​Steve Coleman on being a "MacArthur Genius"

Steve Coleman on being a "MacArthur Genius"

This past Wednesday, the MacArthur Foundation announced its annual MacArthur Fellows -- those so-called "Genius Awards" -- to 21 exceptionally talented people from all fields of human endeavor. So what's it like to be a winner? Here is a first person account of a "genius" at play:

Jazz saxophonist Steve Coleman. JUAN CARLOS HERNANDEZ

Do I feel like a genius? No!

My name is Steve Coleman, and I'm a saxophonist, composer, bandleader.

I grew up in Chicago. I started playing violin first, around the age of 14. About a year-and-a-half after that, I started playing saxophone.

My father played a lot of records at home. I mean, he was playing Charlie Parker, Ray Charles, Billie Holiday. I just referred to it as "old people's music" when I was younger.

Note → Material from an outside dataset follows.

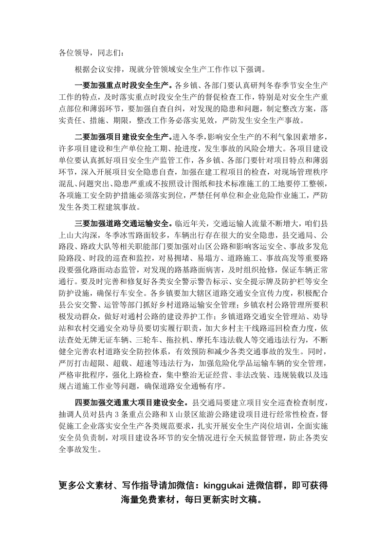 / 常务副县长在全县第一季度安全生产例会上的讲话

But as I got older, and I started learning how to play, I would go to a club and I found that, Wow, I know this song. I've heard it somewhere before. And I would play it, and it would just come out.

After I got out of college, I hitch-hiked to New York. The main reason I went there was because of all of the creative music that was coming out of New York, and I knew that that was the place to be.

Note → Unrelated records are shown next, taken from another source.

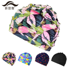 包邮 时尚印花游泳帽 男女通用舒适成人长发护耳加大不勒头布泳帽
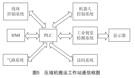 壓縮機(jī)搬運(yùn)工作站是全自動(dòng)生產(chǎn)的工作站,需要內(nèi)部各控制系統(tǒng)之間按照程序設(shè)定的邏輯聯(lián)動(dòng),其控制系統(tǒng)主要由可編程序控制器(簡(jiǎn)稱PLC)、機(jī)器人控制系統(tǒng)、工業(yè)視覺檢測(cè)系統(tǒng)、線體控制系統(tǒng)和氣路系統(tǒng)等組成。PLC作為控制核心,通過CC-Link通信總線與各控制系統(tǒng)進(jìn)行通信,并收集信號(hào)反饋、做出判斷后,輸出動(dòng)作指令。通信框圖如圖5所示。
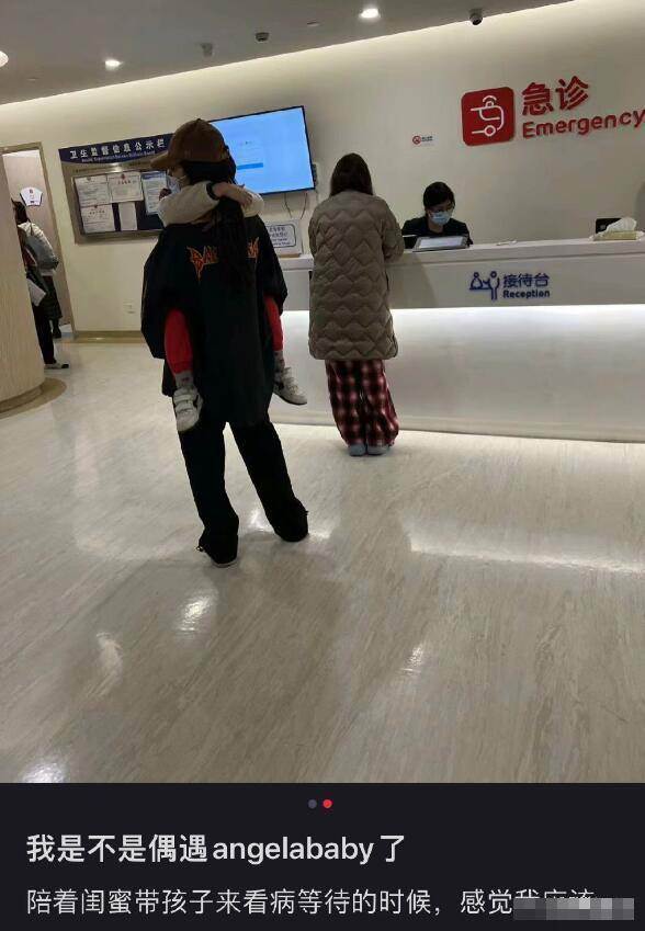 網友透露,Angelababy昨日(23)晚間現身上海的某間醫院,曝光照片中,她戴著鴨舌帽、口罩,素顏看起來神情憔悴,緊抱著孩子坐在診間,且小朋友戴著口罩,看起來狀態虛弱,推測是是兒子小海綿發燒,同行還有一位阿姨。PO照網友原本陪伴友人去醫院,沒想到目擊大明星,強調多次確認是本人。
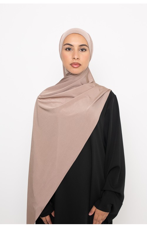 Le hijab en jersey satin fluide, à la fois doux, légèrement brillant et élégant, est le choix idéal pour sublimer vos tenues lors des occasions, mariages et fêtes, tout en conservant une simplicité raffinée.

I stayed at the YMCA. I mostly played on the street for a living, right at 50th and Broadway.

I joined the Thad Jones-Mel Lewis Orchestra. Our first tour was, like, 10 weeks in Europe. It was amazing, considering that I was playing in the streets just a few months before that.

As I was learning this music, I would listen to certain things that would have a transformative effect on me. Certain types of music would just open me up. And I thought from that point, that's what I wanted to do. I wanted to play music that had that kind of effect on people, that in some kind of way transformed them, that opened them up.

This is my opportunity to do that.

I've studied a lot of different philosophies, ancient civilizations. I didn't just want to study the history of the music that I was playing; I wanted to study the history of all music.

When I start composing, the first thing that happens is that there's a story, or some kind of image -- a symbolism inside my head -- and I'm trying to capture that in sound.

When I'm improvising, it's just like talking to somebody. It's like having a conversation with audience members, with the band members.

I often think about the pulse of the human heart, how it connects to the brain, and how that relates to rhythm. I've noticed that there's a lot of the things that we do comes from this internal kind of rhythm.

Not everyone will get our music, but upon repeated listening, I guarantee you there's something there.

When I got a call from the MacArthur Foundation, I was like, "OK, who is this?" I thought it was a joke.

This grant is for $625,000; I was like, woah!

One of the things I'm going to do is to bring my music to a lot of different communities.

When I was very young, a great saxophonist named Sonny Stitt told me: "If you take care of that horn, that horn will take care of you." I didn't believe him then, but I believe him now.